K. aerogenes was included in the ESKAPE group [22, 23] of important pathogens typically associated with antimicrobial resistance. However, in contrast to other ESKAPE species (e.g. Staphylococcus aureus and Pseudomonas aeruginosa), the pangenome and population structure of K. aerogenes have not been extensively explored. Here, we report a comprehensive comparative genomic analysis of K. aerogenes, which allowed us to uncover important features of its pangenome, selective pressure acting in the species, population structure, resistance, and virulence profiles.
RESULTS AND DISCUSSION
GENOME ASSEMBLY AND PREVALENCE OF PLASMIDS AND BACTERIOPHAGES
We systematically obtained raw sequencing reads, assembled genomes, and predicted genes of 91 K. aerogenes strains with publicly available data. This dataset was were supplemented with six reference genomes (that were not assembled and annotated de novo) (see methods for details). All the genomes showed at least 95% of genome completeness according to BUSCO [24]. K. aerogenes has an average genome size of 5,281,261 ± 194,500 bp and 4984 ± 219 genes. We found an average %GC of 54.95 ± 0.17 in K. aerogenes, which is within the expected range for Klebsiella [21] (Supplementary Table 1). ANI analysis revealed that all the isolates have over 95% genomic identity, confirming that all the strains belong to the same species.
The proportion of isolates with plasmids containing resistance and virulence genes and the median number (min – max) are indicated. “Untypeable” plasmids are those for which a replicon was not identified using PlasmidFinder.
We inspected the assembled genomes for possible plasmids based on plasmid replicons, identity, and coverage with publicly available plasmid sequences (Supplementary table 3). Plasmid replicons or fragments with high identity and coverage were found in 70.1% of the isolates, ranging from one to 10 plasmids per strain with most isolates harboring two plasmids. The most abundant replicon was ColRNAI (Table 1), which is related to plasmids carrying genes related with toxin-antitoxin system [25]. The second most prevalent plasmids were those with IncF replicons, which are low copy-number plasmids associated with the dissemination of resistance genes, such as blaCTX-M and acc(6’)-Ib-cr [26].

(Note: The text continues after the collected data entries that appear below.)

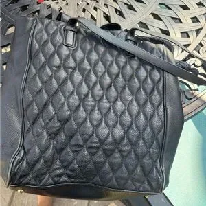 Chic black quilted tote with elegant gold zipper. Perfect for versatile style.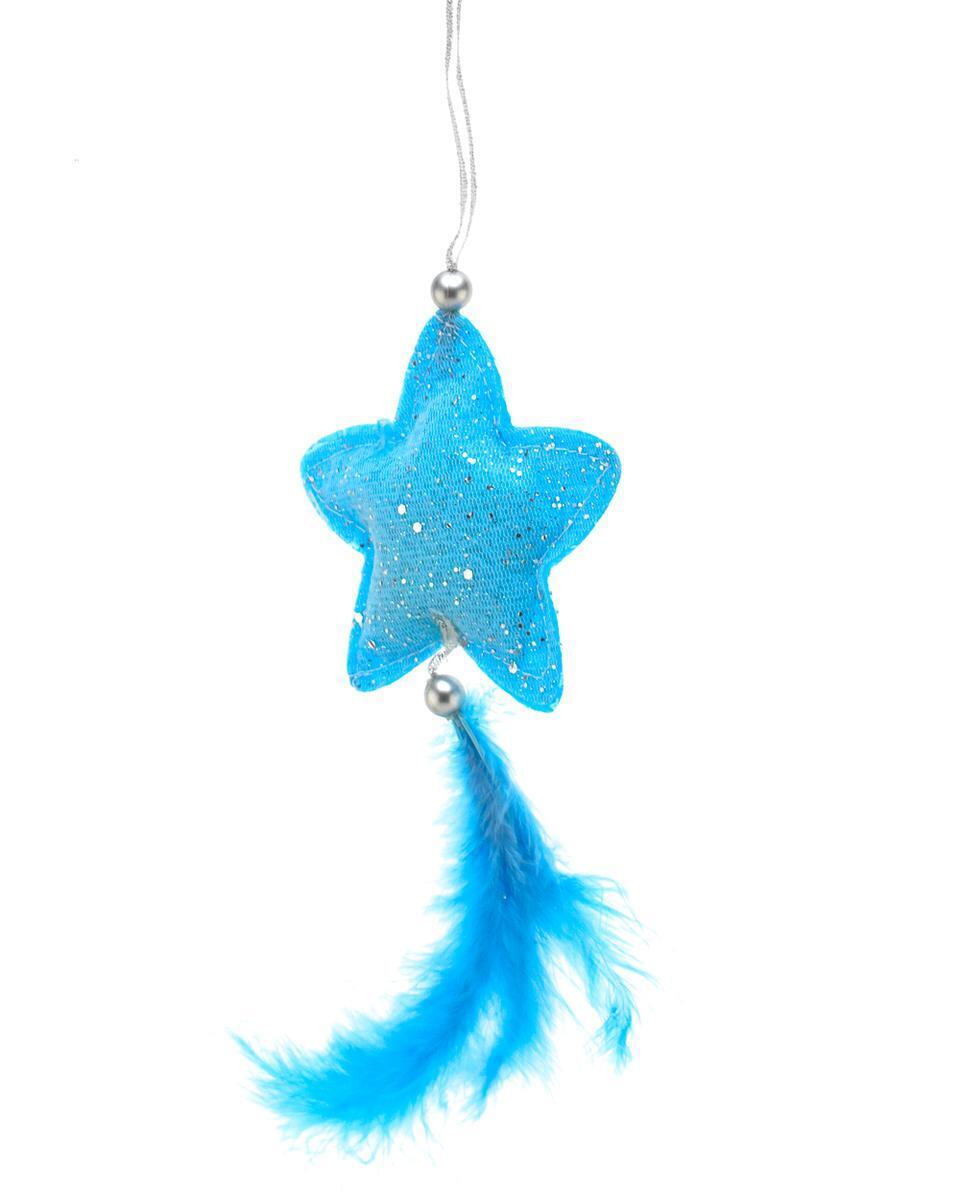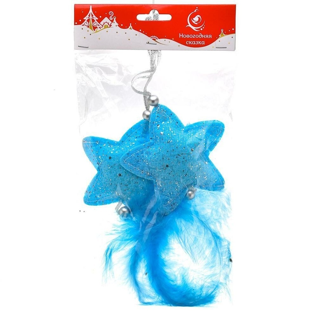 Данная звездочка имеет яркий голубой цвет, украшена блестками, а мягкий текстильный элемент добавляет уютной атмосферы. Подвеска снабжена специальной петлей для надежного крепления на ветвях вашей красавицы-елки, и вы сможете легко создать праздничный декор.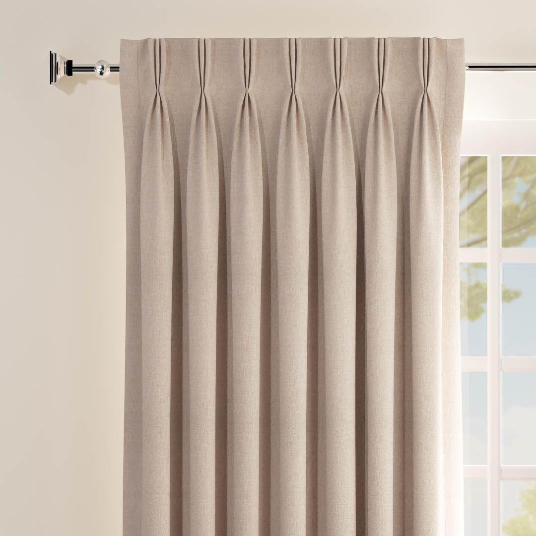 • Pleats pinched 4” from the top for a balanced aesthetic.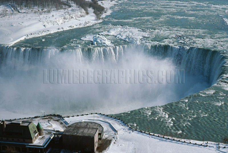 The Horseshoe Falls are the largest of the three falls in the larger Niagara Falls system, a popular natural wonder on the US-Canadian border and visited by over 8 million people a year. The falls are especially beloved for their curved, horseshoe shape, as shown here.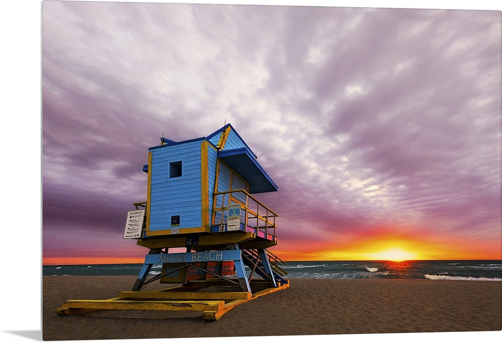<p>Miami Beach's 14th Street Lifeguard station faces sunrise over the Atlantic Ocean.</p>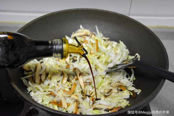 5. 圓白菜吃脆口的,所以炒至微微變軟時倒醬油、蠔油;
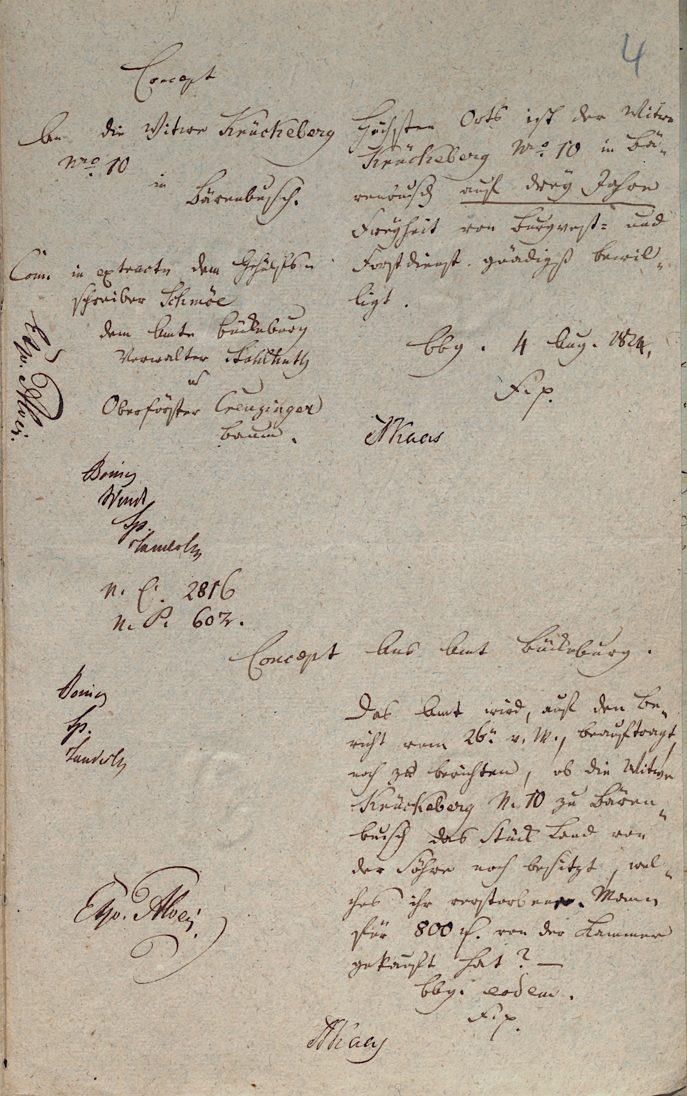 Boines Sp. Tamerlin Concept from the Office of Bückeburg The Office is instructed, on the basis of the report of the 26th of the previous month, to report further whether the widow Krückeberg, No. 10 in Bärenbusch, still possesses the piece of land near the Söhren which her late husband purchased from the Chamber for 800 rixthalers? [Dispatched by Alveÿ] Bückeburg, same date. For the record. A. Kaas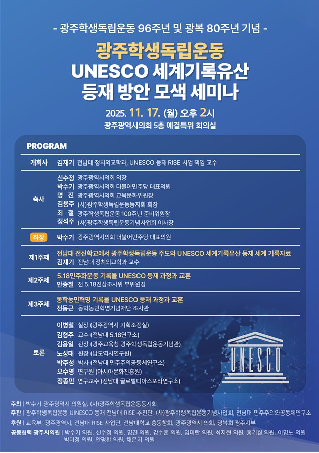 자유평등기반 광주학생독립운동 UNESCO 세계기록유산 등재 위한 회의 2025.11.12.(수) ~ 2025.11.18.(화)(7일간) 시의회 5층 예결위회의실 참여대상: 전체(모든사람) 행사방식 : 오프라인(대면) 공유하기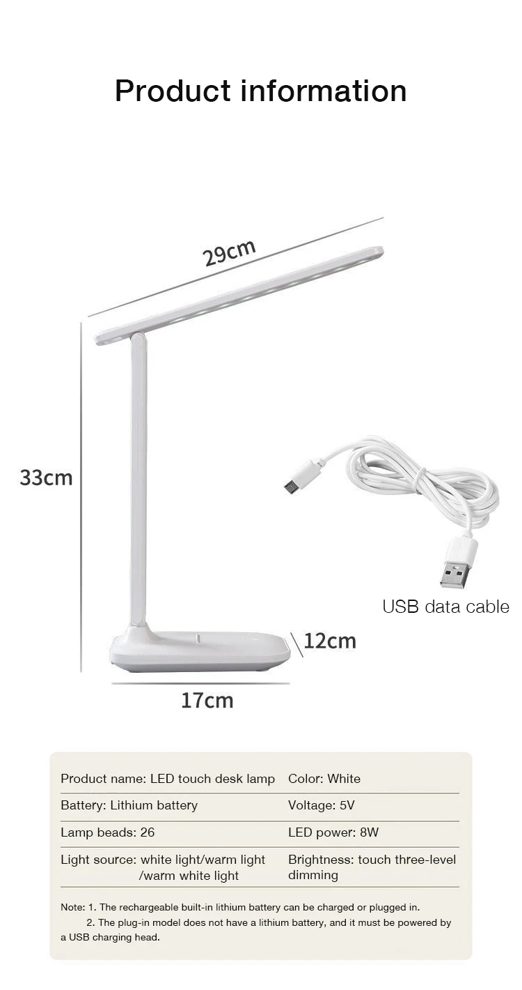 /С батареей: настольная лампа имеет литиевую батарею, которую можно заряжать. После того, как аккумулятор полностью заряжен, его не нужно подключать к источнику питания при использовании настольной лампы.

Although abundant in the population, the ColRNAI replicon type showed a low proportion of resistance and virulence genes. Plasmids with the IncA/C2 incompatibility group were found in EA1509, G7, D2, and C10, which are strains associated with hospital outbreaks. These plasmids harbored a high number (i.e. seven to 12) of resistance genes (Table 1), but lacked virulence genes. The strain with the highest number of virulence determinants in plasmids (19 genes) was SMART_1248, which was collected from an old-male urine sample from a surveillance study [27]. Isolates with uncharacterized plasmid replicons were also recovered (Table 1).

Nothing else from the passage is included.